The microwave generators 401 of the microwave heating means 4 are arranged outside the tank 1. Although the microwave generators 401 are all placed on the right side of the tank 1 (i.e. right hand side in FIG. 4), the microwave generators 401 of this embodiment can also be placed on the left side of the tank 1 (i.e. left hand side in FIG. 4), alternatively, some of microwave generators 401 are placed on the left side of the tank 1 and some of them are placed on the right side of the tank 1.

In this embodiment, the length of each microwave conveyor 402 can be adjusted, so that the length of the parts of the microwave conveyors 402, that are above loop conveyor belt 33, is equal, or the length increase gradually along the transverse direction of tank 1 (in other words, along the transverse direction of the endless belt conveyor 33).

In case that the length of the parts of the microwave conveyors 402 that are above the loop conveyor belt 33 is equal, as shown in FIG. 5, the microwave openings 403 of the microwave conveyors 402 are arranged on one side of the microwave conveyor 402 that face towards the endless belt conveyor 33, so as to facilitate the microwave to be transferred to the material being carried on the endless belt conveyor 33.

In case of the stepping up of the length of the microwave conveyors 402 along the transverse direction of the tank 1, as shown in FIG. 6, the microwave feed-in opening 403 is arranged at the free end of the microwave conveyor 402 so that the microwave energy outputted from the microwave feed-in opening 403 can uniformly irradiate the material being carried by the endless belt conveyor 33.

FIG. 7 is a schematic view showing a structure of a vacuum microwave drying apparatus according to the third embodiment of the present invention, in which a containing space in a tank is divided into a drying chamber and a cooling chamber by a separator. FIG. 8 is a sectional view cut along line D-D of FIG. 7.

As shown in FIG. 7 and FIG. 8, beside the structure provided by the first embodiment and second embodiment, the third embodiment further comprises a separator 12, a microwave suppressor 13 and a cooling unit.

The separator 12 divides the containing space in the tank 1 into a drying chamber disposed on the left hand in FIG. 7 (in other words, on the side of the feeding pipe 902) and a cooling chamber disposed on the right hand side in FIG. 7 (in other words, on the side of the material catching pot 1001).

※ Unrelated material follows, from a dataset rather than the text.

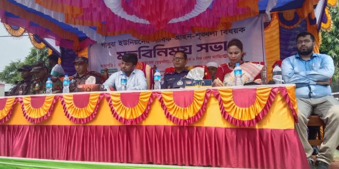 সভায় সভাপতিত্ব করেন জেলা প্রশাসক ও বিজ্ঞ জেলা ম্যাজিস্ট্রেট জনাব মোস্তাক আহমেদ (যুগ্মসচিব)। সঞ্চালনা করেন উপজেলা নির্বাহী কর্মকর্তা মোছা. রনী খাতুন। স্বাগত বক্তব্য রাখেন গাবুরা ইউনিয়ন পরিষদের চেয়ারম্যান জি.এম মাছুদুল আলম।
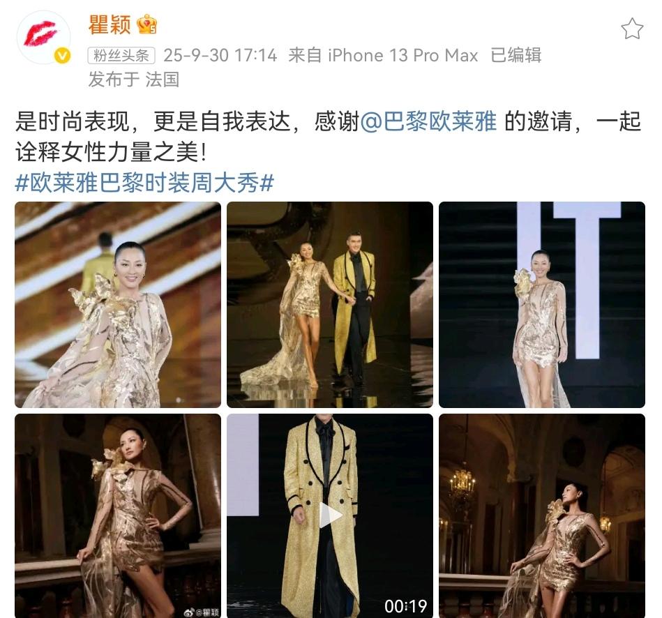 瞿颖亮相欧莱雅巴黎时装周大秀,被她那金光闪闪的样子美晕了…… 这是一种时尚表现

The separator 12 is made of a material which can obstruct the microwave from transmission, such as metal, to stop the microwave in the drying chamber and prevent the leakage of the microwave to the cooling chamber. The separator 12 is provided with a separator opening whose position and quantity is corresponding to those of the endless belt conveyor so that the endless belt conveyor 33 can pass through the separator opening.

The microwave suppressor 13, being provided with a suppressor opening for being passed through by the endless belt conveyor 33, is located in the cooling chamber and abuts against the separator 12. The microwave suppressor 13 is used for suppressing the microwave in drying chamber from going into the cooling chamber. The microwave suppressor 13 may be an absorption type microwave suppressor, a reflection type microwave suppressor or a filtration type microwave suppressor.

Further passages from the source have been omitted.